Cigacice to nie tylko szkoła, kościół, port czy przystań. Nie mówię, że to nie jest ważne ale Cigacice to przede wszystkim ludzie, którzy tu żyją i mieszkają od lat kilku, kilkunastu czy kilkudziesięciu. To Oni tworzą historię – nie budynki czy mosty. To oni zmagają się z żywiołem ludzkiej głupoty i zwykłym ludzkim chamstwem aby przekonać do swoich pomysłów czy sugestii. Od wielu lat (od kiedy nasz historyk opuścił Cigacice) zajmuję się fortyfikacjami po lewej stronie Odry. Oprócz wielkiego śmietniska jakie zrobili bezdomni na jednym obiekcie i pseudo wędkarzy którzy pokradli słupki od tabliczek informacyjnych na ścieżce ciągle użeramy się z pseudo turystami, którzy uważają, że po niemieckie znaczy niczyje. Nic bardziej mylnego, każdy centymetr ziemi po tej czy tamtej stronie rzeki należy do kogoś. Kilkadziesiąt fortyfikacji, które nam pozostały po totalitarnej III Rzeszy i II Wojnie Światowej stoją obecnie na terenie Wód Polskich, Nadleśnictwa czy osób prywatnych. Aby wejść do restaurowanych obiektów należałoby pierwej skontaktować się z jego opiekunami (535 206 159 lub 503 193 411) i umówić na spotkanie. Oni, podobnie jak i inni ludzie, mają swoje życie, pracę czy rodzinę. Poświęcają swój cenny czas kosztem rodziny. Angażują swój czas i pieniądze aby odkrywać i udostępniać Wam kawałek historii.
Proszę, weźcie to pod uwagę i uszanujcie to co ktoś robi dla innych.

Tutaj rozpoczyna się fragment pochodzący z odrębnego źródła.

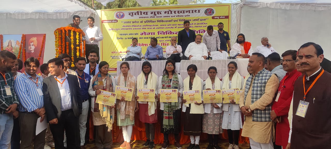 बहराइच (राष्ट्र की परम्परा)l नेशनल मेडिकोज आर्गनाइजेशन द्वारा जनपद बहराइच में आयोजित तृतीय गुरु गोरखनाथ स्वास्थ्य सेवा यात्रा के समापन अवसर पर मुख्य अतिथि प्रदेश के राज्य मंत्री (स्वतंत्र प्रभार) उद्यान, कृषि विपणन, कृषि विदेश व्यापार एवं कृषि निर्यात, दिनेश प्रताप सिंह ने एमएलसी डाॅ. प्रज्ञा त्रिपाठी, विधायक महसी सुरेश्वर सिंह, पयागपुर के सुभाष त्रिपाठी, भाजपा जिलाध्यक्ष श्यामकरन टेकड़ीवाल व अन्य अतिथियों के साथ दीप प्रज्ज्वलित कर तथा माँ सरस्वती के चित्र पर माल्यार्पण कर स्व. ठाकुर हुकुम सिंह किसान स्नातकोत्तर महाविद्यालय के प्रांगण में आयोजित निःशुल्क मेगा चिकित्सा शिविर का शुभारम्भ किया। शिविर के दौरान लगभग 1000 मरीज़ों का स्वास्थ्य परीक्षण कर आवश्यकतानुसार दवाओं का निःशुल्क वितरण किया गया। शिविर के दौरान मोतियाबिन्द के लगभग 150 मरीज़ भी चिन्हित किये गये।
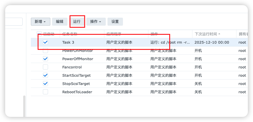 运行后等 5-10 分钟,系统自动安装完(如果 5-10 分钟没有安装完)再运行一次自定义任务
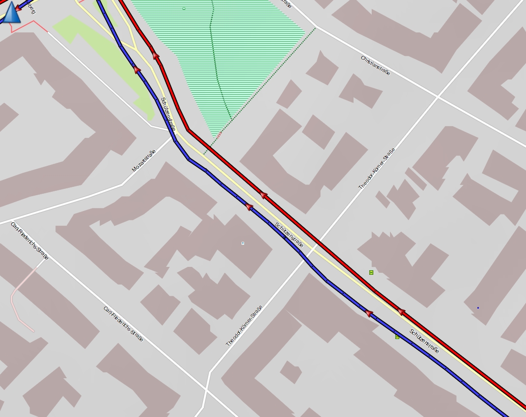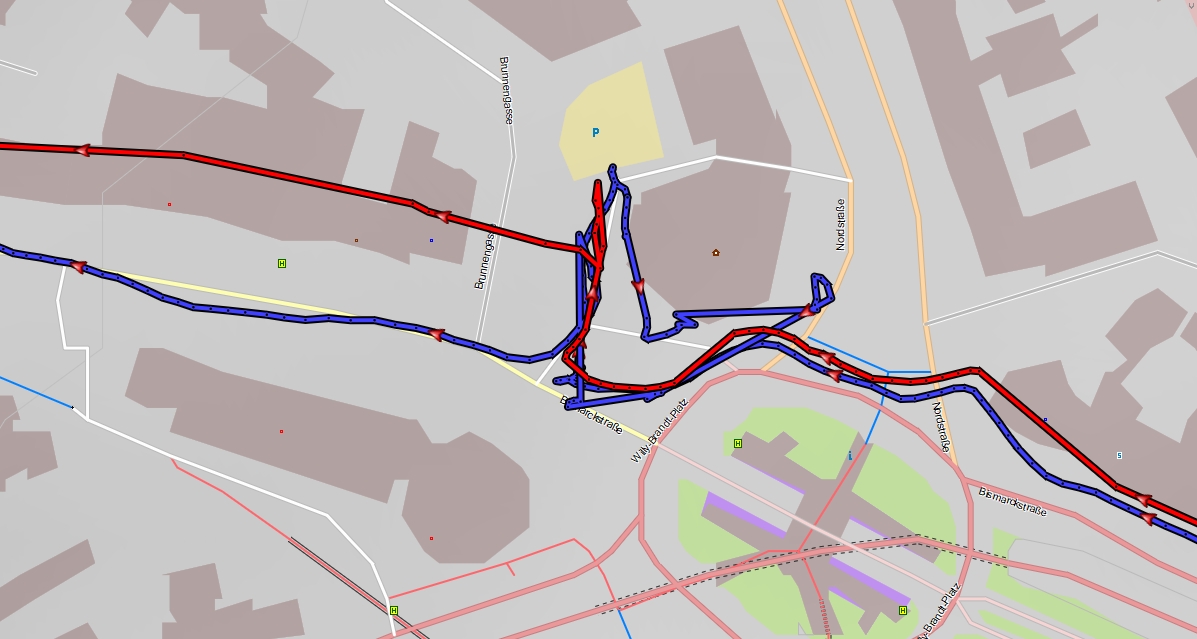 Hier fahre ich rechts, so macht eTrex 35 (rot) auch, Edge 550 (blau) dagegen fährt aber links.
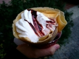 今年初のクレープです(^^) 福袋購入した時に食べたよ♪ チョコホイップクリーム シンプルにクレープの皮とクリームでいただきました!! やっぱり美味しいわ!!(´∇`) もはやクリームだけでもいいのではと思ってしまうよ(それクレープじゃないだろ) 続きを見る ['close']
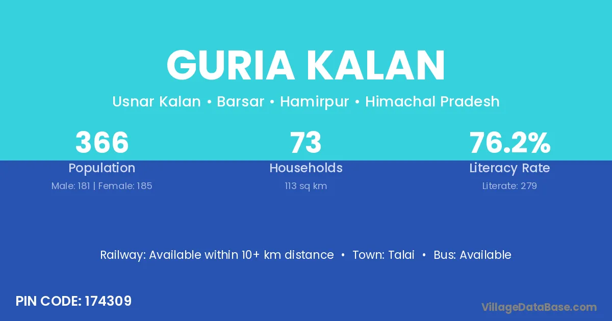 Guria Kalan village has a total population of 366 people, of which 181 are males and 185 are females.
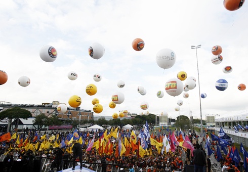SORTEIO DE PRÊMIOS – Dezenas de urnas espalhadas em meio ao público estão coletando os cupons depositados pelos trabalhadores para concorrer a 15 carros e um caminhão de prêmios. Os sorteios ocorrerão ao longo do dia entre as apresentações de artistas e discursos de sindicalistas.
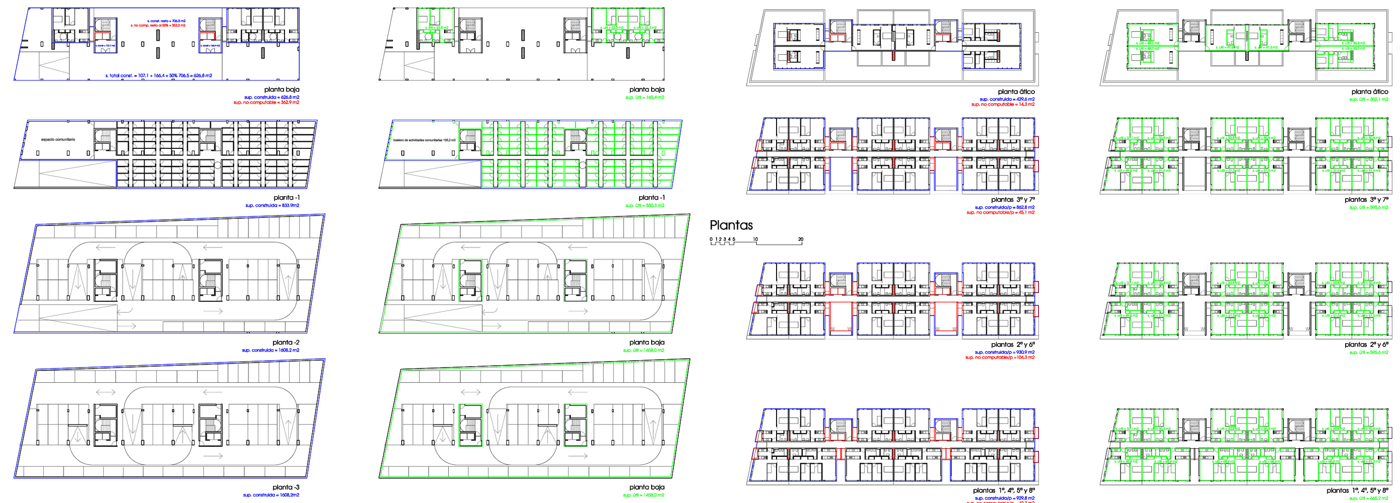 En la planta ático se ubican 6 viviendas. 4 de ellas son 1 dormitorio y 2 de 2 dormitorios. Se plantea una amplia terraza comunitaria sobre la fachada sur.
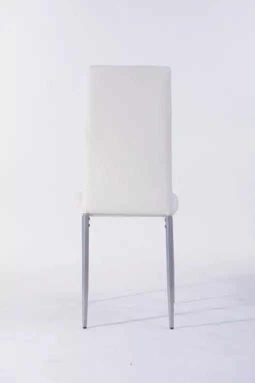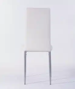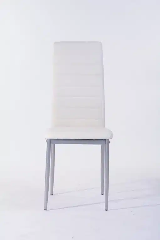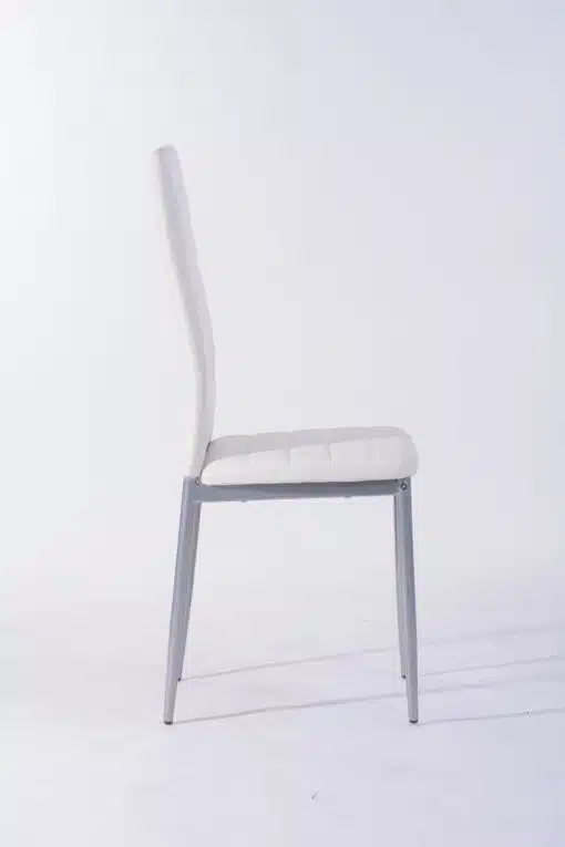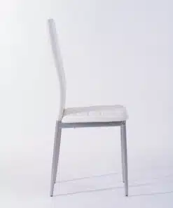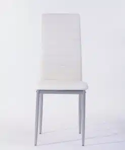 כסאות זולים לפינת אוכל מרופדים בדמוי עור לבן ומסגרת אפורה. המושב ומשענת הגב הגבוה מרופדים היטב בספוג בדרגות קושי שונות שיבטיחו נוחות לארוך זמן, המסגרת עשויה מתכת אל חלד בצבע אפור בצביעה אלקטרוסטטית איכותית.
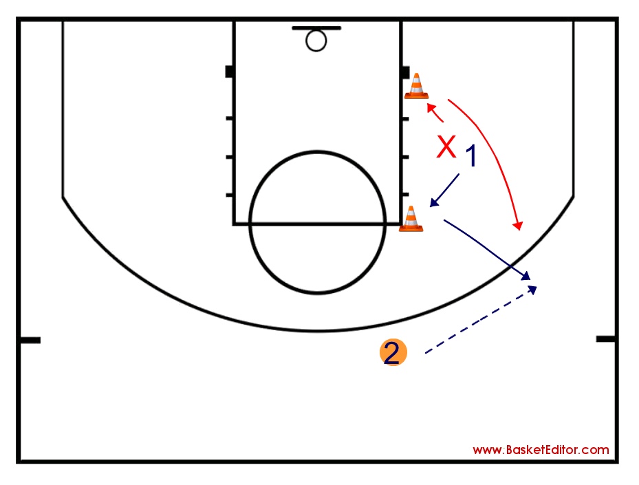 Al plantear ejercicios cuyo objetivo es la toma de decisiones, pongo especial énfasis, en que tomen la decisión en el menor tiempo posible, aún a costa de que la decisión tomada no haya sido la mejor de las posibles. En este caso, la dinámica del ejercicio consiste en una situación de uno contra uno, en la que el atacante antes de recibir tiene que tocar un pivote. El defensor, antes de ir a defender, habrá de tocar el pivote contrario. Esta ventaja, es la que deberá aprovechar 1 para leer la defensa y tomar la mejor decisión: tirar, salir por la izquierda, jugar al contrapie …
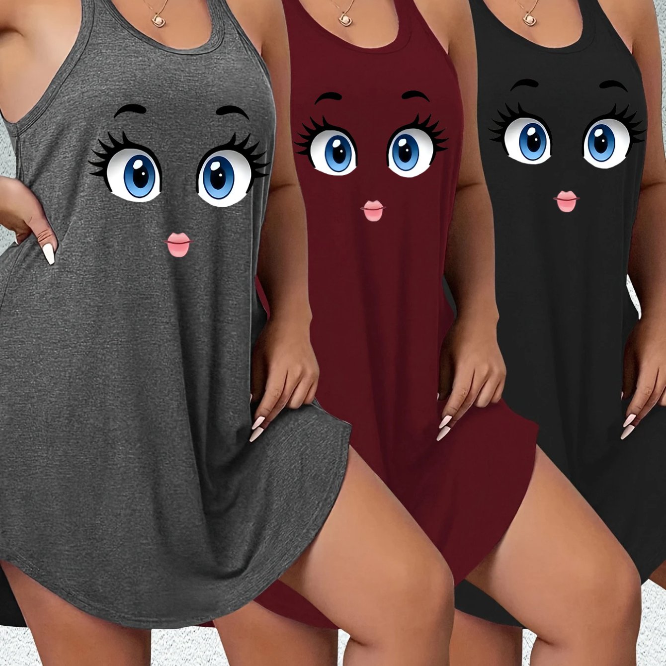 Женский комплект ночной одежды с топом и юбкой для отдыха, с принтом губ
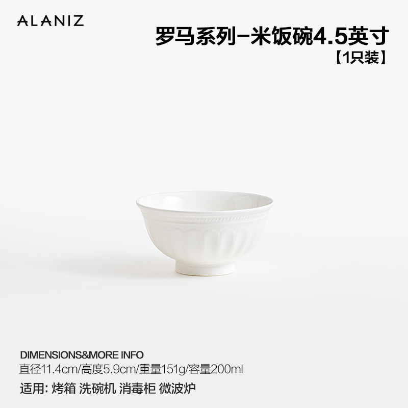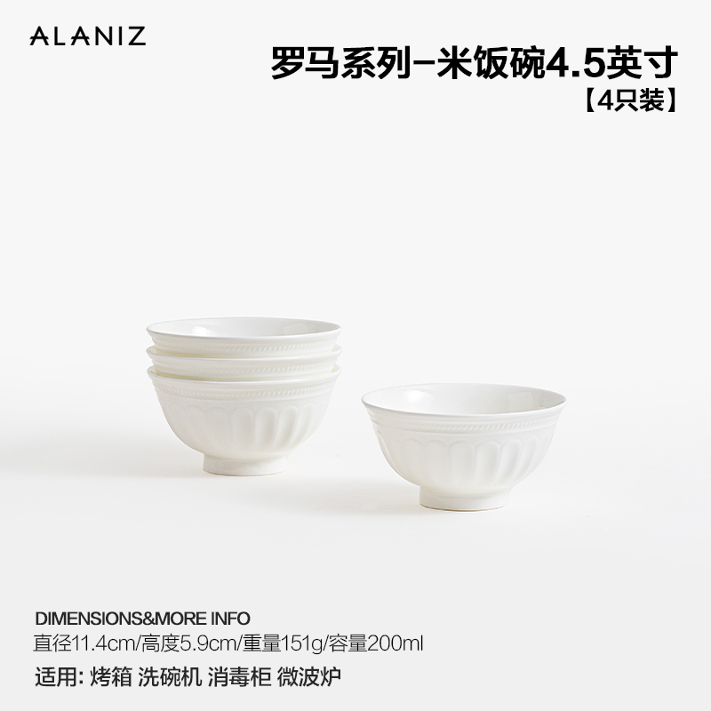 Alaniz римская рельефная миска для риса, бытовые миски, французская посуда, легкая роскошная белая фарфоровая посуда, личная миска для риса
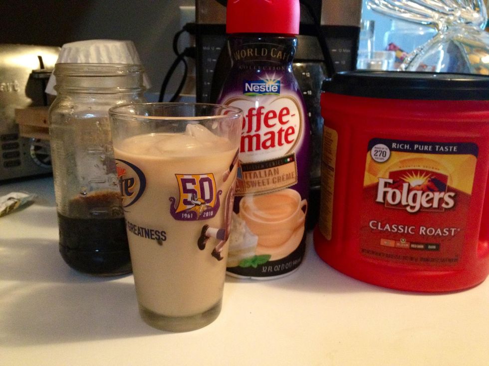 To use, mix with equal parts water/milk hot or not) as desired. I made my cup with ice cubes, milk, some water and a splash of creamer. ENJOY!

Opiekunowie zapraszają do kontaktu i odwiedzin, jednocześnie informujemy (wbrew doniesieniom gazety lubuskiej), że schrony nadodrzańskie nie skrywają żadnych skarbów poza niesamowitą atmosferą i doskonałością wnętrz obiektów budowanych (było nie było) w pośpiechu.